JazzTimes

L.A Steel

IT WAS THE LATE FALL OF 2019, and Cameron Graves took the stage at the Blue Note in New York City looking ready for business—in a doom-metal band. He wore a biker-like vest revealing the colorful tattoos on his upper arms; his long, tightly curled hair was tied in the back, falling to his shoulders like the tail of a black comet. But Graves was here with the Stanley Clarke Band, playing electric keyboards in the bassist’s powerhouse sextet. And it is a vital role, at once anchoring and dynamic, as Clarke showed when he introduced Graves as a featured soloist in a turbulent extension of Joe Henderson’s “Black Narcissus.”

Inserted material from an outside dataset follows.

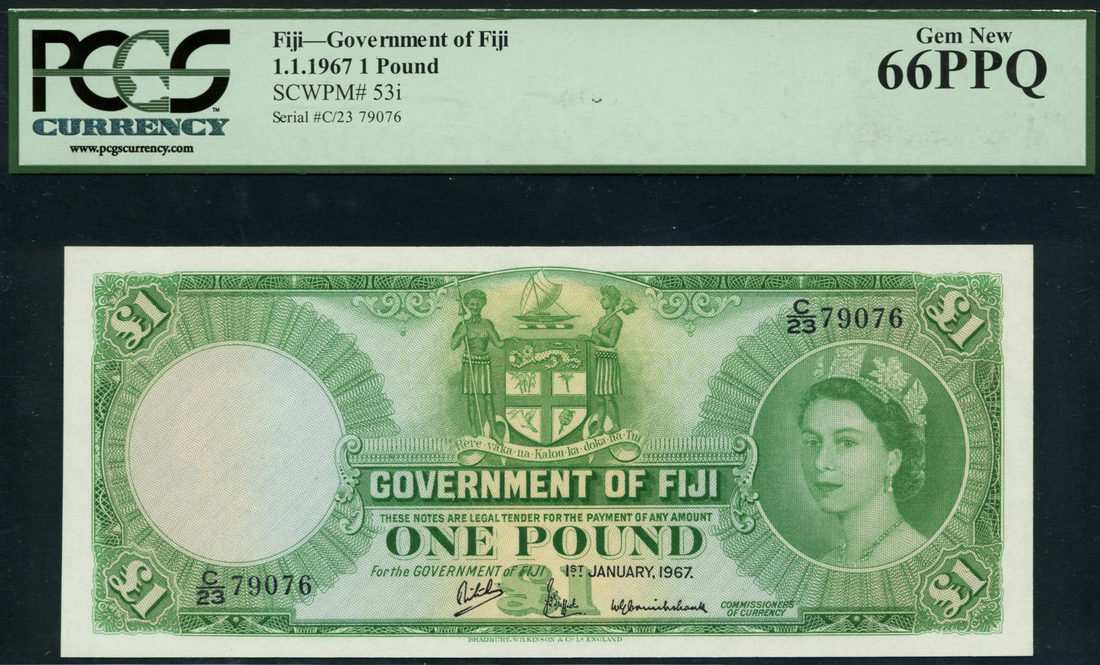 (x) Government of Fiji, £1 (2), 1 January 1967, serial number C23 79075/79076, green and pale orange, Elizabeth II at right, arms top centre, signatures of Ritchie, Griffiths and Cruikshank, reverse green, value
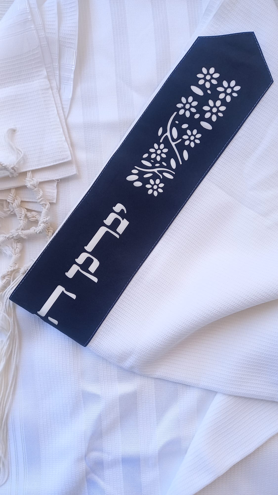 • עטרת חיתוך לייזר אומנותית: העטרה מעוצבת בטכנולוגיית חיתוך לייזר מדויקת על גבי רקע כחול עמוק. העיצוב כולל מוטיבים של צמיחה ופריחה יחד עם הכיתוב “יברכך” מברכת הכוהנים, המעניק עוצמה רוחנית לכל עטיפה.

For the next 20 minutes, Graves—best known as the pianist in the West Coast Get Down, the Los Angeles progressive-jazz collective that jumped to acclaim in 2015 on saxophonist Kamasi Washington’s triple-disc landmark, The Epic—unleashed a kaleidoscopic attack with roots in fusion, R&B, and hard rock. He addressed Henderson’s melody with sprightly poise, wrapped Clarke’s muscular stride in circular-staircase figures, and hit off-center chords with brass-knuckle force. As the band hurtled to the finish, Graves laid a cool-ballad rapture against the racing pulse, then detonated a frenzied series of Latin-ized runs. And he did it all with delighted aplomb, chewing on what seemed like a giant gumball as light bounced off the sparkling stud in his chin.

“The music I love to write most is metal—the lines, the drops, the sections. I took that philosophy and applied it to jazz.”